▶ _Work required_
Give again, unaltered, the line with "Skippify ondersteunt deze" and all lines that follow it in the listing below, minus any pictures.

▶ _Data extract_
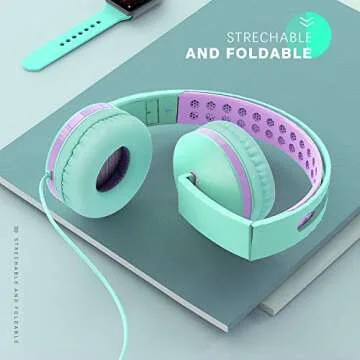 Unipows Kids Headphones for School - Girls Boys Teens Lightweight Foldable Wired Headset with Microphone, Volume Control, Stereo Bass for Cell Phone, Tablet, PC, Laptop (Mint Green and Purple)
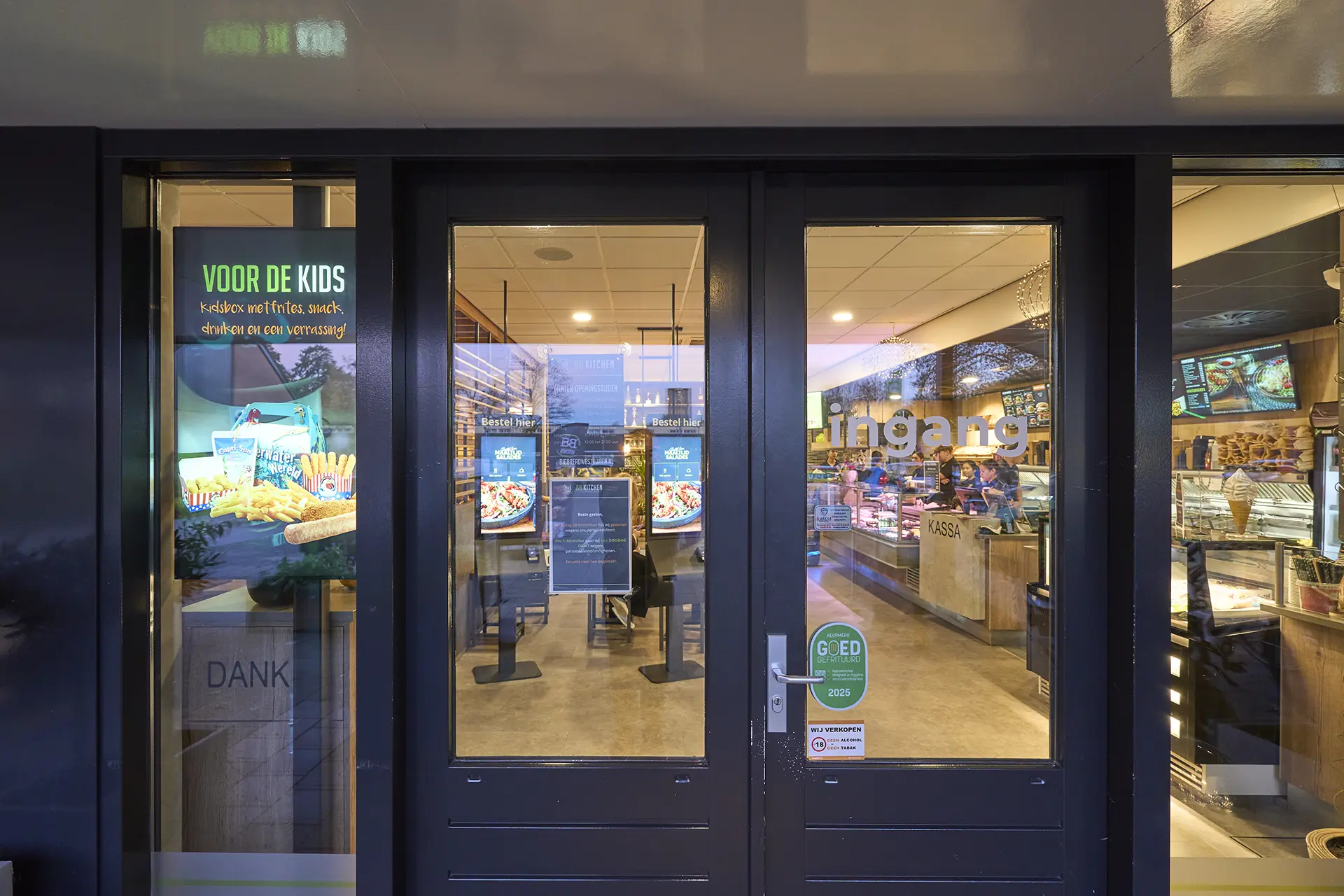 Skippify ondersteunt deze moderne foodformule met Smart Ordering kiosken en menuborden die rust brengen aan de counter en het menu helder presenteren.
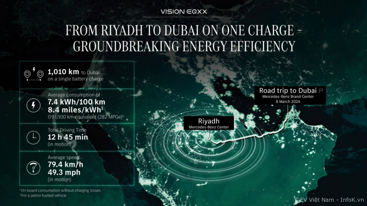 Đây là lần thứ ba EQXX chinh phục cự li ấn tượng trên 1.000km với một lần sạc. Hôm nay, chiếc xe đã hoàn thành chuyến đi từ Riyadh tới Dubai, quãng đường vừa chính xác là 628 dặm, một lần nữa chứng tỏ khả năng tiết kiệm nhiên liệu ở mức 7,4 kWh/100km. Với thông số này, EQXX đã cải thiện đáng kể so với con số gần 8 kWh/100km của lần thử nghiệm trước.
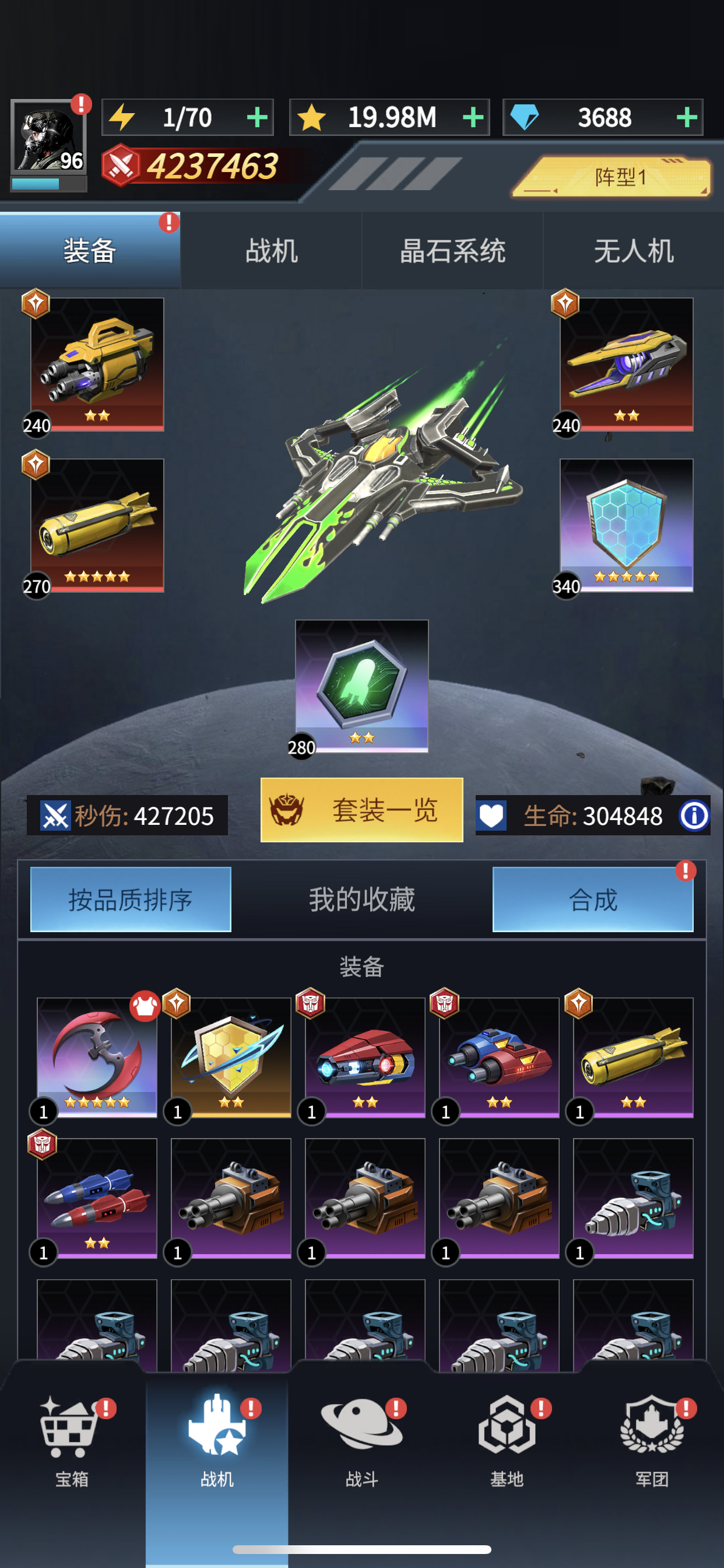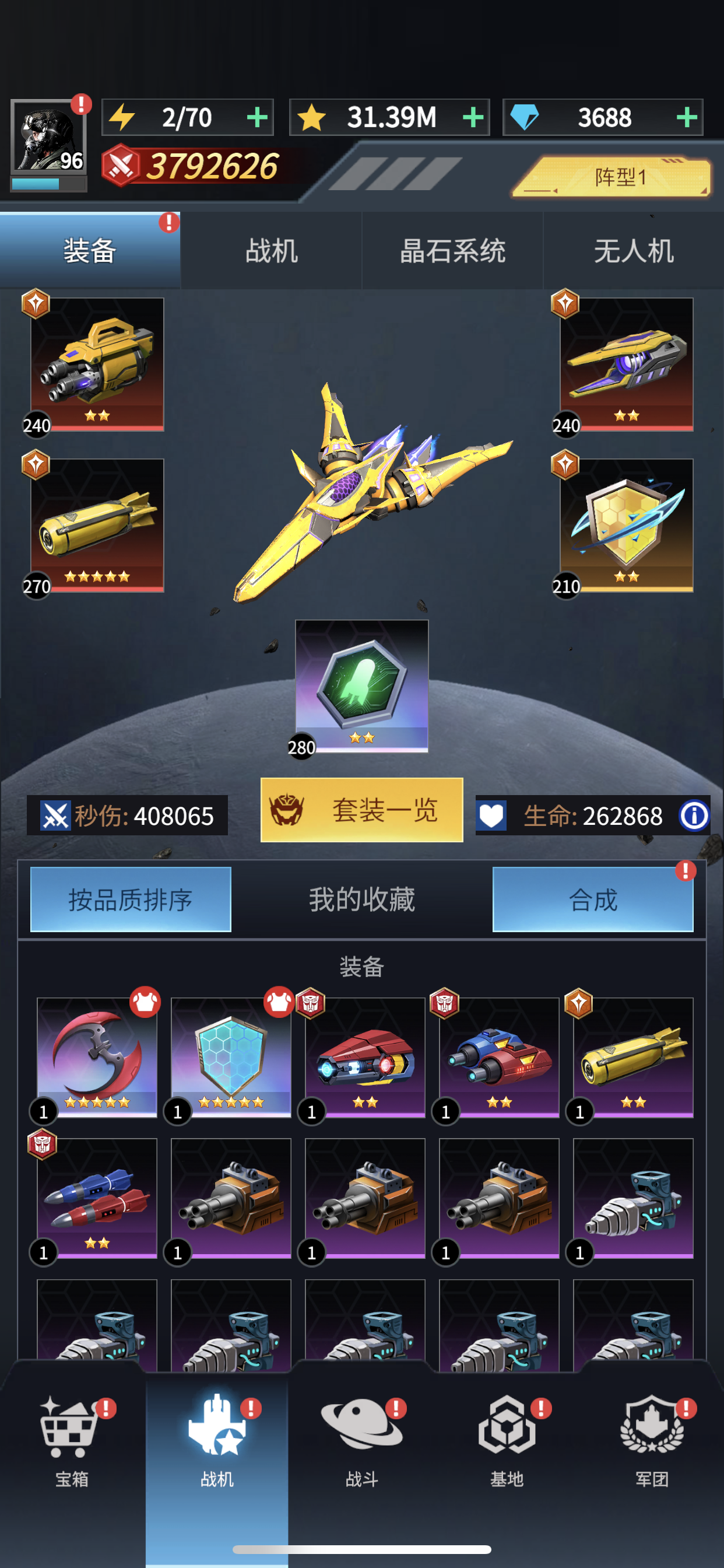 兄弟们:找个好团,对拉钻和领资源都是很舒服的。钻石是整点刷新,多刷出1个,前提是有空位,满8个,就不刷新了,需要时间到手动刷新。简易提升战力,拉力。可以把每架飞机升级到20级。 红1星。60级。 可以注意观察,每样的提升都是所有飞机一起提升。 前期就前面两样,拉力可以到35W。剩下的就是可以把主要的10个飞机先升星和级。提升拉力。 同等级套装比散装好,散装高级比低等级的好。 想挂机星星多得些,可以

▶ _Result_
 Skippify ondersteunt deze moderne foodformule met Smart Ordering kiosken en menuborden die rust brengen aan de counter en het menu helder presenteren.
 Đây là lần thứ ba EQXX chinh phục cự li ấn tượng trên 1.000km với một lần sạc. Hôm nay, chiếc xe đã hoàn thành chuyến đi từ Riyadh tới Dubai, quãng đường vừa chính xác là 628 dặm, một lần nữa chứng tỏ khả năng tiết kiệm nhiên liệu ở mức 7,4 kWh/100km. Với thông số này, EQXX đã cải thiện đáng kể so với con số gần 8 kWh/100km của lần thử nghiệm trước.
 兄弟们:找个好团,对拉钻和领资源都是很舒服的。钻石是整点刷新,多刷出1个,前提是有空位,满8个,就不刷新了,需要时间到手动刷新。简易提升战力,拉力。可以把每架飞机升级到20级。 红1星。60级。 可以注意观察,每样的提升都是所有飞机一起提升。 前期就前面两样,拉力可以到35W。剩下的就是可以把主要的10个飞机先升星和级。提升拉力。 同等级套装比散装好,散装高级比低等级的好。 想挂机星星多得些,可以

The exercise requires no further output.